Background
My team at FireEye built the FireEye Market as a React app with a GraphQL (Apollo Server Lambda) backend. It's a marketplace to "Discover apps, extensions, and add-ons that integrate with and extend your FireEye experience." One of the things we discovered early on was that we needed to work to improve the Time to First Meaning Paint (TTFMP). We couldn't really reduce our bundle size further, and we already do code splitting. So we looked instead to generate static HTML, with the Apollo Client cache data serialized into the markup. This allows the client to quickly download a fully rendered HTML page, to begin interacting with immediately, while the React app scripts are downloaded and evaluated by the browser. When the React app hydrates, it has been configured to read the serialized data into the Apollo Client cache, which then makes the data instantly available to the React app to update the component tree. However, there is a catch...
Enter fetchPolicy
Apollo Client, and the corresponding React components (Query
, Mutation
, Subscription
, and graphql
HOC that encapsulates them) that consume the client, have an option called fetchPolicy
. What this does is control how the components interact with the Apollo Client cache. This is very powerful, but the documentation for it is spread out in a couple places in the Apollo docs. My aim here is to consolidate that information, and hopefully, clarify it a bit.

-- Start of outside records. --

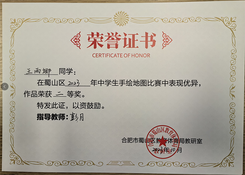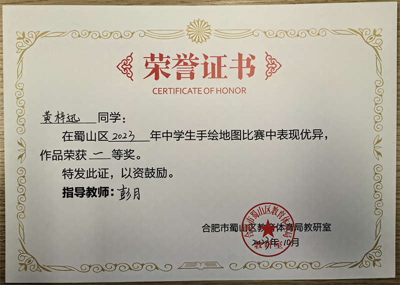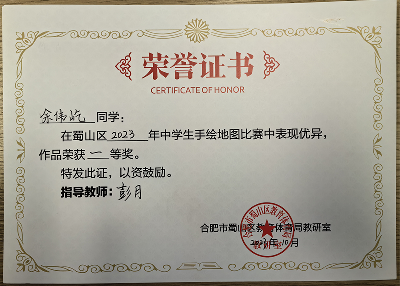 為了落實(shí)新課程標(biāo)準(zhǔn),提升學(xué)生地理學(xué)科素養(yǎng),增強(qiáng)學(xué)生的版圖意識(shí),在國(guó)慶之際,蜀山區(qū)舉辦了地理學(xué)科2023年蜀山去中學(xué)生手繪地圖比賽。新華公學(xué)積極響應(yīng),參加了本次比賽并取得了優(yōu)異成績(jī)。
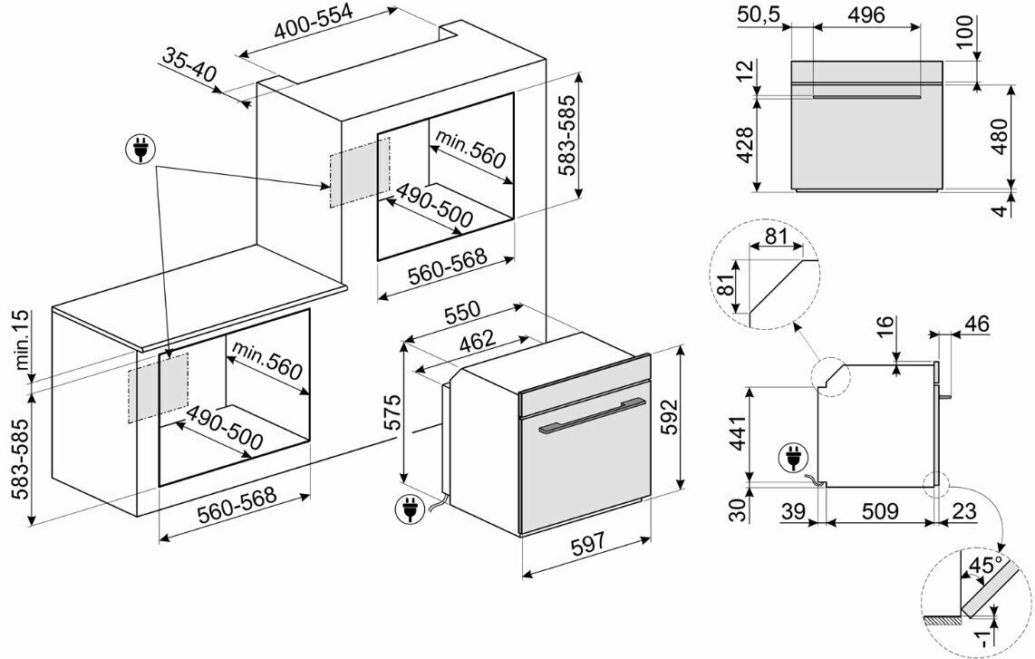 | Особенности конструкции | вертел, дисплей, подсветка камеры, тангенциальное охлаждение, телескопические направляющие, термощуп, часы, эмаль легкой чистки |
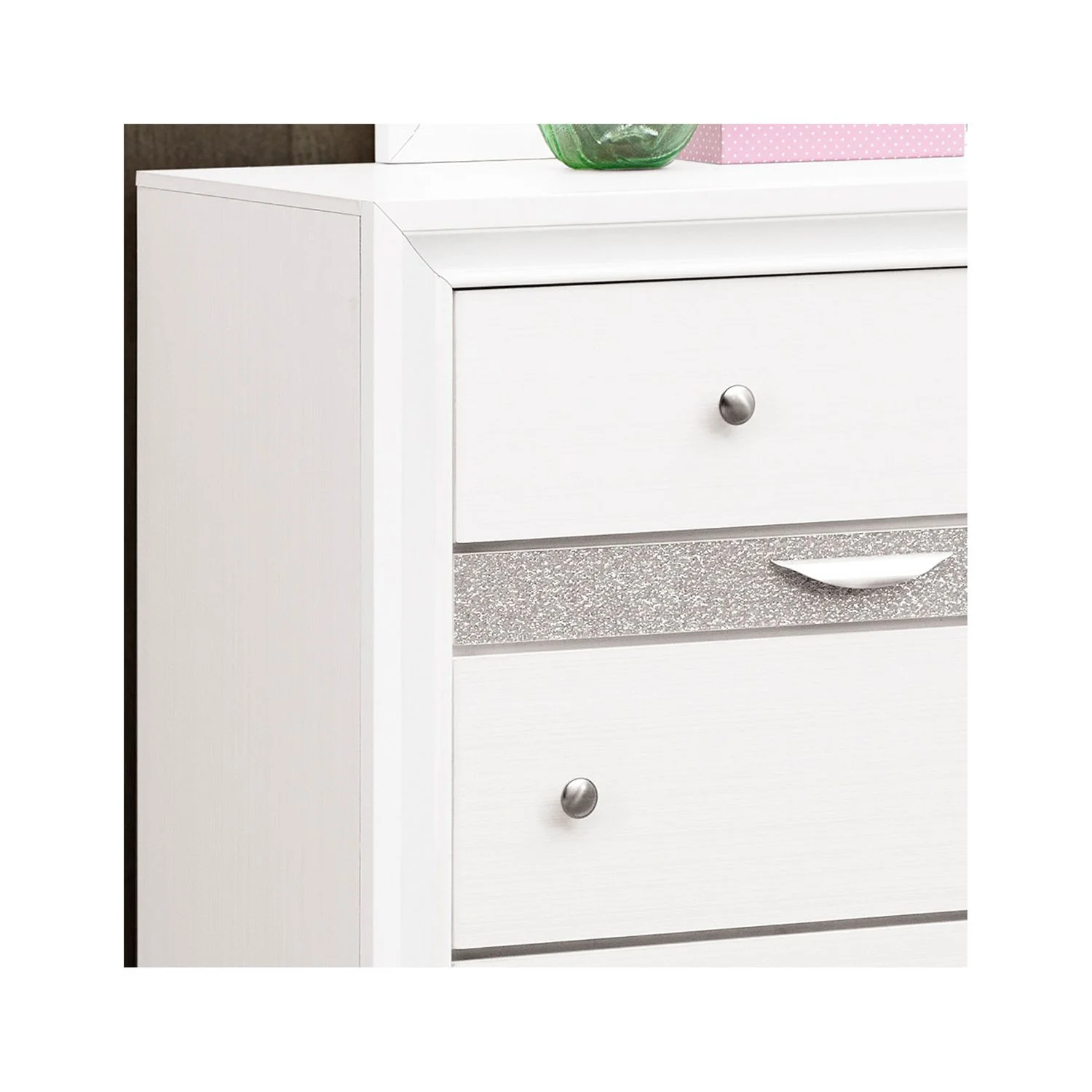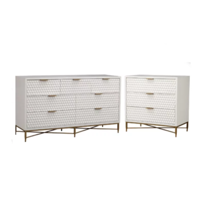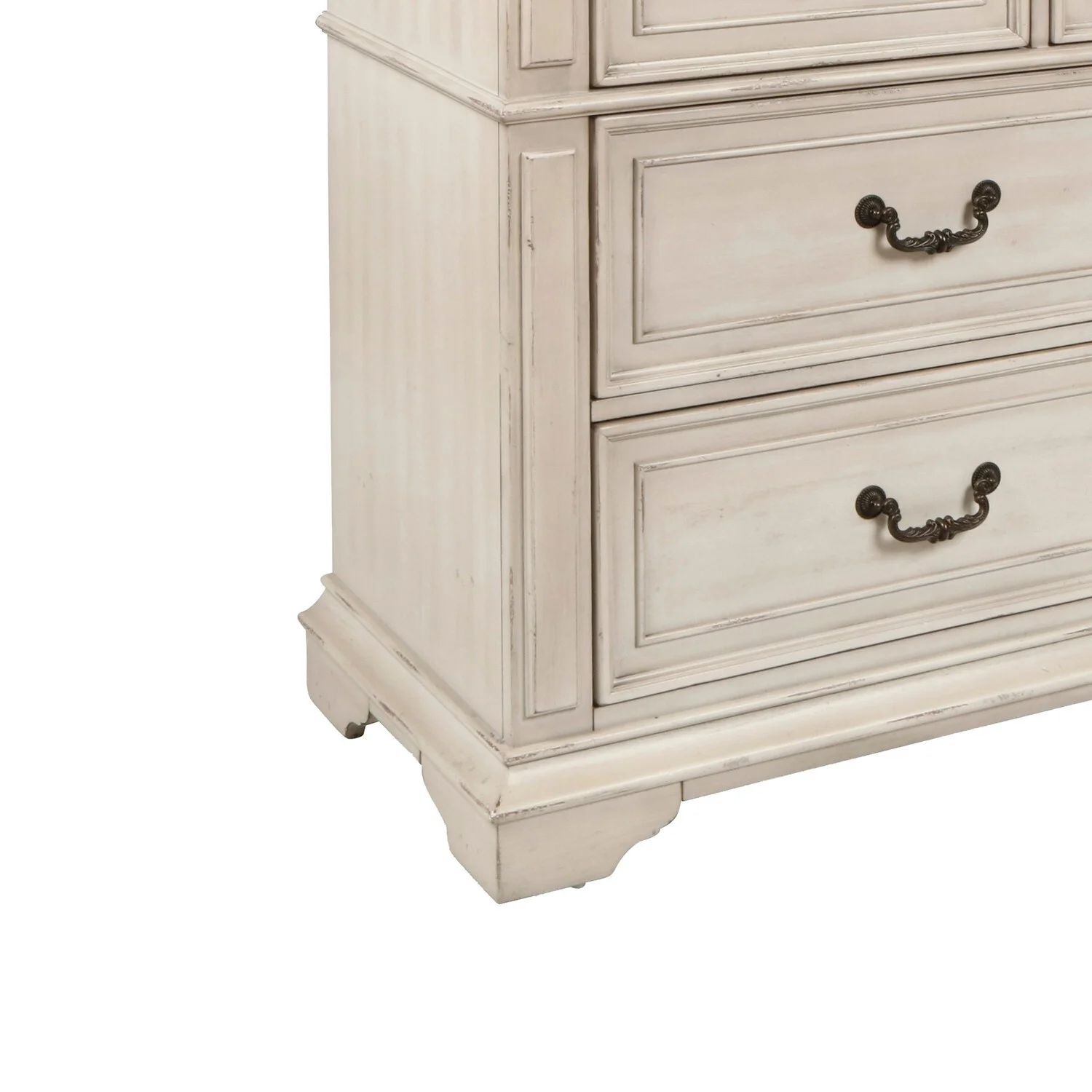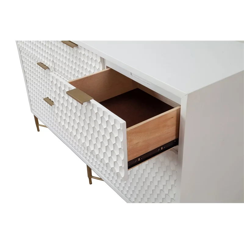 Benjara BM218013 7 Drawer Wooden Dresser with Metal Handles & Molded Details, White
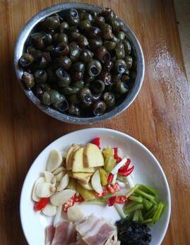 用料:螺丝500克、大蒜5瓣、生姜一大块、小米辣、料酒1勺、生抽1勺、白糖1勺、葱、腌肉1小块、紫苏2片。
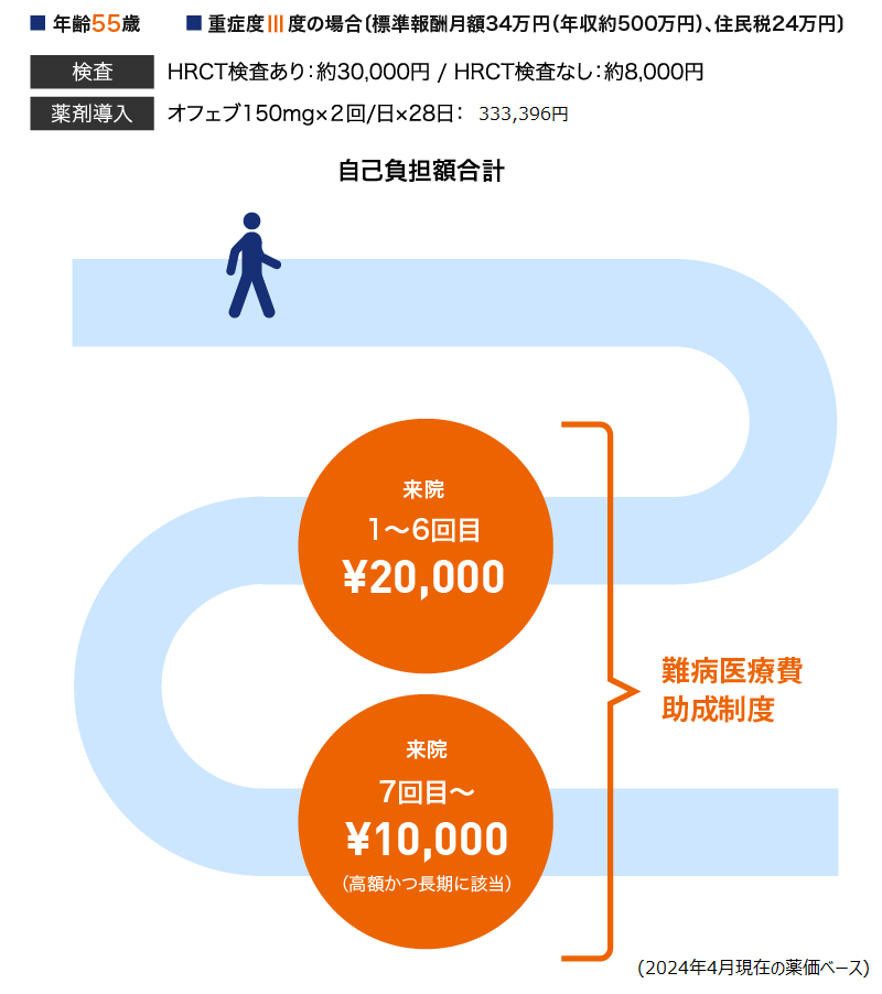 55歳、重症度Ⅲ度のIPF患者さんでは、難病医療費助成制度を活用することで、月々の自己負担額は20,000円までに抑えることができます。

The valid values for cachePolicy
are:
cache-first
This is the default if you don't explicitly specify an option. What this means is that the client will look in its cache, and if it finds all of the data it needs to fulfill the query, it will use that and not make a network request for the data. Each of the queries you make, along with the arguments, are stored in the cache. If the query is cached, then it will use the data from this query. I believe that the selection set of the query is also considered, so if that differs, a network request will be made.
I'm admittedly unsure on this last point. The FireEye Market app has a known set of queries that the client executes, which differ only in the parameters passed at runtime.
cache-and-network
This policy will look in the cache first, and use that data if available. It will always make a network request, updating the cache and returning the fresh data when available. This may result in an additional update to your components when the fresh data comes in. This policy optimizes for getting cached data to the client quickly, while also ensuring that fresh data is always fetched.
This is the policy that we have found to work best for most cases when dealing with pre-rendering.
network-only
This policy skips reading from the cache altogether and goes straight to the network for data. Queries using this option will never read from the cache. It will, however, write the results to the cache. This is for the situation where you always want to go to the backend for data, and are willing to pay for it in response time.
cache-only
This policy exclusively reads from the cache, and will never go to network. If the data doesn't exist in the cache, then an error is thrown. This is useful for scenarios where you want the client to operate in offline mode only, where the entirety of the data exists on the client.
I've never used this policy myself, so take that assertion with a giant grain of salt.
no-cache
This policy will never read data from, nor write data to, the cache.
Configuration
Armed with this knowledge of fetchPolicy
, how do you configure it? There's two places: in the client config, and in the request config.
Client Configuration
When you configure the Apollo Client instance, you can provide it with a defaultOptions
key, which specifies the policy each type of query should use unless specifically provided by the request.
const defaultOptions = {
watchQuery: {
fetchPolicy: 'cache-and-network',
errorPolicy: 'ignore',
},
query: {
fetchPolicy: 'network-only',
errorPolicy: 'all',
},
mutate: {
errorPolicy: 'all'
}
}
From the docs:
Note: The React Apollo
<Query />
component uses Apollo Client'swatchQuery
functionality, so if you would like to setdefaultOptions
when using<Query />
, be sure to set them under the defaultOptions.watchQuery property.
Also note that the graphql
HOC, which given a document that is a query
, ends up wrapping an instance of the <Query />
component.
Request Configuration
You can also specify the fetchPolicy
per request. One of the props that you can provide to the <Query />
component is fetchPolicy
. This will override whatever is configured in the client for this query only.
<Query query={QUERY_DOCUMENT} fetchPolicy="network-only">
{(data) => { /* render prop! */ }}
</Query>
Similarly for the graphql
HOC, you can specify a fetchPolicy
in the config object:
const listAppsForNotificatonSettings = graphql(APPS_FOR_NOTIFICATION_SETTINGS_QUERY, {
options: {
fetchPolicy: 'cache-first'
}
});
Conclusion
As I mentioned, we found that this cache-and-network
policy ended up being the best option for providing the best experience for our customers when serving up pre-rendered pages for various entry points into the application. In a few cases, we found that using cache-first
was a better option, but this are few. As always, this is what worked for my team. Your mileage may vary.